The closure, she suggested, reflects not only local call volume, but broader forces beyond the county’s control, particularly the instability of federal reimbursements that private ambulance services rely upon.

Brown echoed that reasoning.

“The federal shutdown sped up the financial crisis for EMS companies, as the majority of our residents are insured by either Medicare or Medicaid,” he said. “When reimbursements stopped during the government shutdown and claims weren’t being processed and released, the result was little to no money coming in. When you think of the cost per day to operate an ambulance service and the reimbursements that are their lifeline to continue operating, it’s a recipe for disaster when they stop. They are dependent on those payments.”

Hannah said she feared Mingo would not be the last place to face such uncertainty.

“From what I have read, Patriot is also planning to close stations in locations other than Mingo, so we aren’t the only county facing these concerns,” she said. “I’m grateful we have STAT in place, and I can’t imagine the plight of counties that do not have another option if additional closures take place.”

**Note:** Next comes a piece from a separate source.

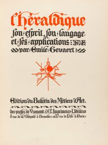 1923. (HERALDICA). GEVAERT, EMILE: L´HERALDIQUE SON ESPRIT, SON LANGUE ET SES APPLICATIONS. Paris: Edition du Bulletin des Metiers d´Art, 1923. Folio. Láminas fotográficas y ilustraciones en el texto. Encuadernado por Arias en media piel con...

The deeper question is one Mingo residents have confronted before. More than once, Hannah said, voters have rejected a tax levy to fund a county-operated ambulance service like the one in neighboring Logan County. She sympathized with residents reluctant to take on additional taxes. But she also spoke plainly about the stakes.

Private companies like Patriot and STAT are struggling to survive in rural counties. That instability threatens the reliability of ambulance coverage.

“There’s nothing scarier than the thought of having a medical emergency of any nature and being told there’s no ambulance heading your way,” Hannah said. “We have to find a workable solution to provide emergency services for everyone in our county. This is a battle we cannot lose because if we do, we will lose a lot more than ambulances; we will lose lives.”

Brown said his concern about a tax levy is whether Mingo residents can afford the added cost, given that many families live on fixed incomes. He also noted that, even with a levy in place in Logan County, in 2025 the Logan County Commission received a request from its EMS provider, Logan Emergency Ambulance Service Authority, for approximately $500,000 in additional funding.

“There’s no simple solution,” said Brown. “The bottom line is we have to provide EMS services to the residents of this county. There’s no statement truer than that. At any given time, we never know when a member of our own family may have a medical emergency. The safety of all Mingo County residents is, and will always be, our top priority.”